#### [Data provided]
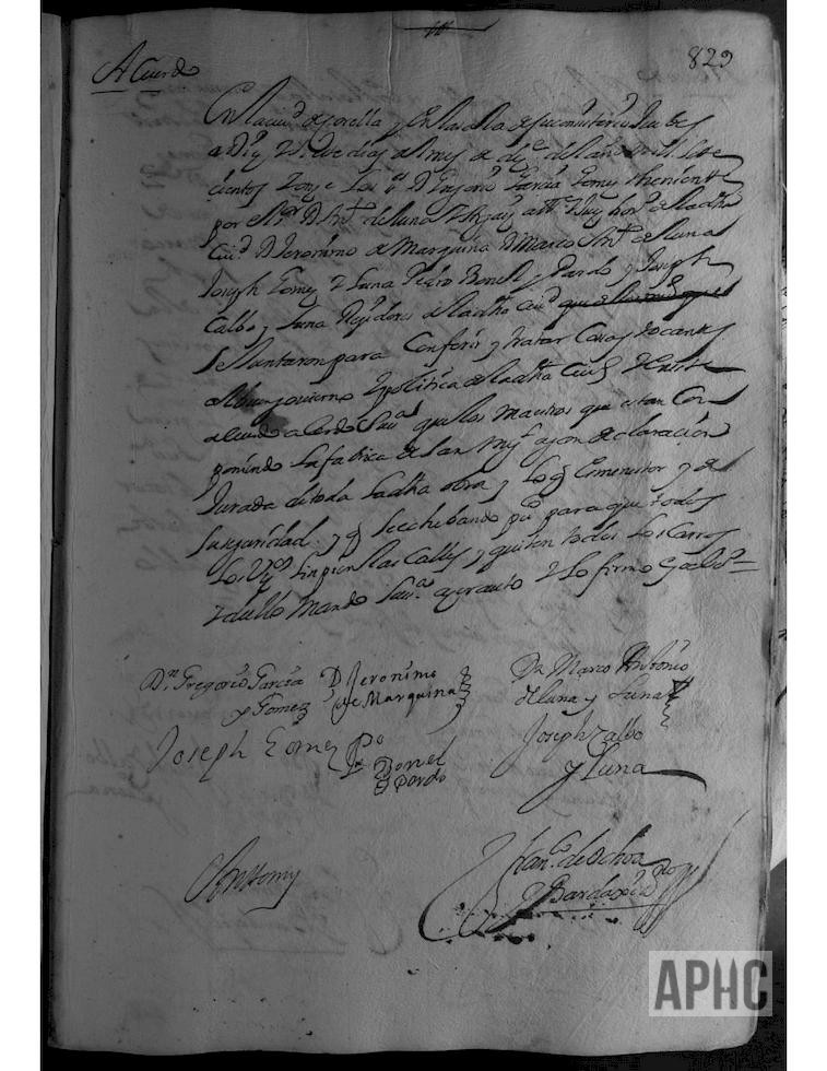 Se acordó que los Maestros que están componiendo la fábrica (obra) de San Miguel, hagan declaración jurada de toda la dicha obra y lo que es menester y de su seguridad. Y que se eche bando, para que todos los vecinos limpien las calles y quiten todos los carros.
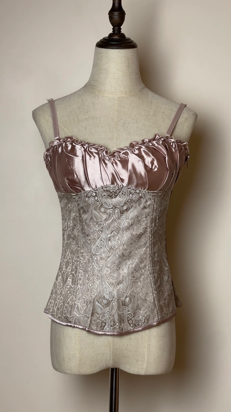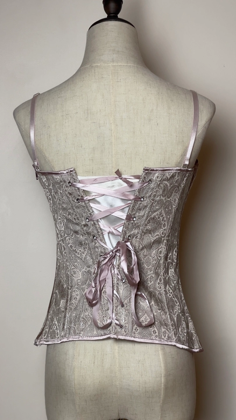 Beautiful corset top. Features a champagne brocade fabric with a satin bust. Lace-up back and zipper closure. Looks great under a jacket or on its own.
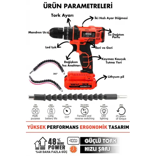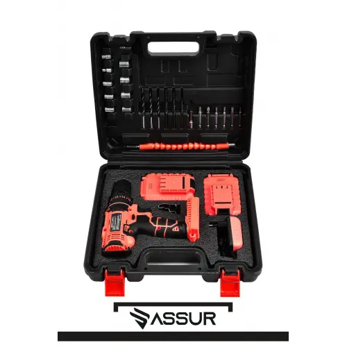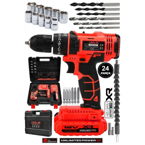 ASSUR 12v Çift Akülü Vidalama Metal Şanzıman Şarjlı Darbeli Matkap

#### [Your instructions]
Could you return the entire listing above verbatim while dropping each picture?

#### [Answer for this exercise]
 Se acordó que los Maestros que están componiendo la fábrica (obra) de San Miguel, hagan declaración jurada de toda la dicha obra y lo que es menester y de su seguridad. Y que se eche bando, para que todos los vecinos limpien las calles y quiten todos los carros.
 Beautiful corset top. Features a champagne brocade fabric with a satin bust. Lace-up back and zipper closure. Looks great under a jacket or on its own.
 ASSUR 12v Çift Akülü Vidalama Metal Şanzıman Şarjlı Darbeli Matkap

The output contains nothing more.